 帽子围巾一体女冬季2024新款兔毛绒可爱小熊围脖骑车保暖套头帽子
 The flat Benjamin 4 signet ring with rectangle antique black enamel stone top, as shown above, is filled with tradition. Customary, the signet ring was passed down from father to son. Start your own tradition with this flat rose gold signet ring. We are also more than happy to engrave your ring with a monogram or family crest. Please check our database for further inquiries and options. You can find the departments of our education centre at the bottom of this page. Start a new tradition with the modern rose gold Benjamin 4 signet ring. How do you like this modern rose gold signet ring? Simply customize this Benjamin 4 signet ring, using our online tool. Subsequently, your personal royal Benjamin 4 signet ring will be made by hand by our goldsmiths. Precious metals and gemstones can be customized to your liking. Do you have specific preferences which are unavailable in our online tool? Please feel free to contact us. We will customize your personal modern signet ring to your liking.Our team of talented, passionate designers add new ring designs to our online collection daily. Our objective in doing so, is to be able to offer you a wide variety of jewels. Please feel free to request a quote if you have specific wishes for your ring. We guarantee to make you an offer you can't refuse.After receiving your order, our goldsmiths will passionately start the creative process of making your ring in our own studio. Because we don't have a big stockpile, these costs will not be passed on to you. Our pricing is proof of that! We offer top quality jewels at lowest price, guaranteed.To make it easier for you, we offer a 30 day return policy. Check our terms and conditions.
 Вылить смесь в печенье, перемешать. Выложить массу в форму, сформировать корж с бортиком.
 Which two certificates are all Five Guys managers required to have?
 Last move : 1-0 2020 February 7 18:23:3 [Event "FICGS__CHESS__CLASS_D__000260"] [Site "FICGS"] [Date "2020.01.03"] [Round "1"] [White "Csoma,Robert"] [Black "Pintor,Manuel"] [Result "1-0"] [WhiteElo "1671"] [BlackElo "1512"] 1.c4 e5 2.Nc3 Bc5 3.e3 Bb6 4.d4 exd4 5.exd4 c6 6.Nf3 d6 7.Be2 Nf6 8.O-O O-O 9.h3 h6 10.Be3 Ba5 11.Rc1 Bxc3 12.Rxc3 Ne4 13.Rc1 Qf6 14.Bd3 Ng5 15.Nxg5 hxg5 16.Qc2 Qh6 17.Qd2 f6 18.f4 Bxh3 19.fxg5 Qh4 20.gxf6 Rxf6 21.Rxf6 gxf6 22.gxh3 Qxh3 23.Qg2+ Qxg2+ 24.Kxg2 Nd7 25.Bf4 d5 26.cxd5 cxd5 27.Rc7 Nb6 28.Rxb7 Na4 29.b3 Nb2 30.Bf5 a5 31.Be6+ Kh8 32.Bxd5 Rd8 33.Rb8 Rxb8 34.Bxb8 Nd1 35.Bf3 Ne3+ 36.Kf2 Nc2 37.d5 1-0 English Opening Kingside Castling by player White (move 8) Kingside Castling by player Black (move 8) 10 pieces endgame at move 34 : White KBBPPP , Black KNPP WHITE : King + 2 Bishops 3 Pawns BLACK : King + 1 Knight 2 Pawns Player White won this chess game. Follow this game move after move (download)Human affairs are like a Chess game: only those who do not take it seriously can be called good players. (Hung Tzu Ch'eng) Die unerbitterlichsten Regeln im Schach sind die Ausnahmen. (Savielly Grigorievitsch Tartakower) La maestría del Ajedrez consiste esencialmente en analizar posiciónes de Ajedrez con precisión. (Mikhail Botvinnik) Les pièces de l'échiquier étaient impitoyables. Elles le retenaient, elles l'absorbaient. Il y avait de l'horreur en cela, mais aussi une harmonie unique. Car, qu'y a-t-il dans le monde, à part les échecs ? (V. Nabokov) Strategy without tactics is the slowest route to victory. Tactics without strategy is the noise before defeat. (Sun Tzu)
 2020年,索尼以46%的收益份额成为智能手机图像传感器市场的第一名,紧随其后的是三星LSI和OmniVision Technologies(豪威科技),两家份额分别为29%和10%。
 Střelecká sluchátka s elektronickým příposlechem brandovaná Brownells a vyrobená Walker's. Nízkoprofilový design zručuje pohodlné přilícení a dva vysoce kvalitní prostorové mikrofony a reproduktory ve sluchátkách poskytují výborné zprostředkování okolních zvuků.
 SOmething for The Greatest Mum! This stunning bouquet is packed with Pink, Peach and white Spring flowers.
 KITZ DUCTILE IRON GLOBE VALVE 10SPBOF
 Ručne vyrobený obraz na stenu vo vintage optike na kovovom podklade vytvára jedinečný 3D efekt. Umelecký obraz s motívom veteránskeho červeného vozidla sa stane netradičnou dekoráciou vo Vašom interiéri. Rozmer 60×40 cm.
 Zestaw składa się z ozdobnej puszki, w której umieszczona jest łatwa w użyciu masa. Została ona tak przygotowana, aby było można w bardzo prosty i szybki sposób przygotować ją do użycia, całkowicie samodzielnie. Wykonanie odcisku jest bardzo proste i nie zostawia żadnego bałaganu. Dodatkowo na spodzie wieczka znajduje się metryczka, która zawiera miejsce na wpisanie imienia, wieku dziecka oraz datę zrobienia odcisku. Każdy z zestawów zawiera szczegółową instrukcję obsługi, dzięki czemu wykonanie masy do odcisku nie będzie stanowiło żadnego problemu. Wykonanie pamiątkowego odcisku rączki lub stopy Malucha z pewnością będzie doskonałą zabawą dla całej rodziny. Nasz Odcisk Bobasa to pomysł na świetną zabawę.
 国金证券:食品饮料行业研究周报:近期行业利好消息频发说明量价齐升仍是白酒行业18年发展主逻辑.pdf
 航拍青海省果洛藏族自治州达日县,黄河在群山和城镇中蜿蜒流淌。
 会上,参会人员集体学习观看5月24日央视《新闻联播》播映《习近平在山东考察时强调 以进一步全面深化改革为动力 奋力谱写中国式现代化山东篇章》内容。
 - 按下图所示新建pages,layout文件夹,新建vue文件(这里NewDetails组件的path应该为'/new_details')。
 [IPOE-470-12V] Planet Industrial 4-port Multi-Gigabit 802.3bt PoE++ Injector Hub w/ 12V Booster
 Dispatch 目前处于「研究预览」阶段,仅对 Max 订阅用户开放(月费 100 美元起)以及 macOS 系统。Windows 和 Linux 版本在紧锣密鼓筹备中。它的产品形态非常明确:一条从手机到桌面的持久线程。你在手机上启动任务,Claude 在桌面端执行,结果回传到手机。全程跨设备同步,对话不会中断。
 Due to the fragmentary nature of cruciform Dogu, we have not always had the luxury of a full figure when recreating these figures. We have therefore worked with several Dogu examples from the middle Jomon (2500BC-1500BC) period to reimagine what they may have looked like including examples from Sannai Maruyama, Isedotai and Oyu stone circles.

§ **Task goal**
An exact restatement of the lines from the one with "Zestaw składa się" through the last line of the data is the only acceptable answer.

§ **Reply**
 Zestaw składa się z ozdobnej puszki, w której umieszczona jest łatwa w użyciu masa. Została ona tak przygotowana, aby było można w bardzo prosty i szybki sposób przygotować ją do użycia, całkowicie samodzielnie. Wykonanie odcisku jest bardzo proste i nie zostawia żadnego bałaganu. Dodatkowo na spodzie wieczka znajduje się metryczka, która zawiera miejsce na wpisanie imienia, wieku dziecka oraz datę zrobienia odcisku. Każdy z zestawów zawiera szczegółową instrukcję obsługi, dzięki czemu wykonanie masy do odcisku nie będzie stanowiło żadnego problemu. Wykonanie pamiątkowego odcisku rączki lub stopy Malucha z pewnością będzie doskonałą zabawą dla całej rodziny. Nasz Odcisk Bobasa to pomysł na świetną zabawę.
 国金证券:食品饮料行业研究周报:近期行业利好消息频发说明量价齐升仍是白酒行业18年发展主逻辑.pdf
 航拍青海省果洛藏族自治州达日县,黄河在群山和城镇中蜿蜒流淌。
 会上,参会人员集体学习观看5月24日央视《新闻联播》播映《习近平在山东考察时强调 以进一步全面深化改革为动力 奋力谱写中国式现代化山东篇章》内容。
 - 按下图所示新建pages,layout文件夹,新建vue文件(这里NewDetails组件的path应该为'/new_details')。
 [IPOE-470-12V] Planet Industrial 4-port Multi-Gigabit 802.3bt PoE++ Injector Hub w/ 12V Booster
 Dispatch 目前处于「研究预览」阶段,仅对 Max 订阅用户开放(月费 100 美元起)以及 macOS 系统。Windows 和 Linux 版本在紧锣密鼓筹备中。它的产品形态非常明确:一条从手机到桌面的持久线程。你在手机上启动任务,Claude 在桌面端执行,结果回传到手机。全程跨设备同步,对话不会中断。
 Due to the fragmentary nature of cruciform Dogu, we have not always had the luxury of a full figure when recreating these figures. We have therefore worked with several Dogu examples from the middle Jomon (2500BC-1500BC) period to reimagine what they may have looked like including examples from Sannai Maruyama, Isedotai and Oyu stone circles.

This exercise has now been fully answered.